The Data-sparse Renaissance in Numerical Linear Algebra
A traditional goal of algorithmic optimality, squeezing out operations, has been superseded because of evolution in architecture. Algorithms must now squeeze memory, data transfers, and synchronizations, while extra operations on locally cached data cost relatively little time or energy. Hierarchically low-rank matrices realize a rarely achieved combination of optimal storage complexity and high-computational intensity in approximating a wide class of formally dense operators that arise in exascale applications.
Overview
Abstract
A traditional goal of algorithmic optimality, squeezing out operations, has been superseded because of evolution in architecture.

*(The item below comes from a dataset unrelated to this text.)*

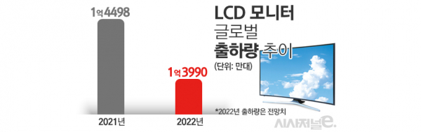 [시사저널e=이호길 기자] 액정표시장치(LCD) 모니터 수요가 약세를 보이며 올해 글로벌 출하량은 전년 대비 3.5% 줄어든 1억3990만대를 기록할 전망이다. 출하량 감소폭은 상반기보다 하반기에 더 클 것으로 예상된다.

Algorithms must now squeeze memory, data transfers, and synchronizations, while extra operations on locally cached data cost relatively little time or energy. Hierarchically low-rank matrices realize a rarely achieved combination of optimal storage complexity and high-computational intensity in approximating a wide class of formally dense operators that arise in exascale applications. They may be regarded as algebraic generalizations of the fast multipole method. Methods based on hierarchical tree-based data structures and their simpler cousins, tile low-rank matrices, are well suited for early exascale architectures, which are provisioned for high processing power relative to memory capacity and memory bandwidth. These data-sparse algorithms are ushering in a renaissance of numerical linear algebra. Modules of a KAUST-developed software toolkit, Hierarchical Computations on Manycore Architectures (HiCMA) illustrate these features on several applications. Early modules of this open-source project are distributed in software libraries of major computer vendors. A recent addition, H2Opus, from the KAUST PhD thesis of Wajih Boukaram, extends H2 hierarchical matrix operations to distributed memory and GPUs. The seminar will be prefaced by a brief introduction to current students and alumni of Keyes’ group at KAUST.
Brief Biography
David Keyes directs the Extreme Computing Research Center at KAUST, where he was founding Dean in 2009, and holds appointments in Applied Mathematics, Computer Science, and Mechanical Engineering. He works at the interface between parallel computing and partial differential equations and statistics, with a current focus on exploiting data sparsity. Keyes led scalable solver projects in the SciDAC and ASCI programs of the US DoE, directed university collaboration programs for US DoE and NASA institutes, and taught at Columbia, Old Dominion, and Yale. He is a Fellow of SIAM, AMS, and AAAS. He has been awarded the ACM Gordon Bell Prize, the IEEE Sidney Fernbach Award, and the SIAM Prize for Distinguished Service to the Profession. He earned a B.S.E. in Aerospace and Mechanical Sciences from Princeton and a Ph.D. in Applied Mathematics from Harvard.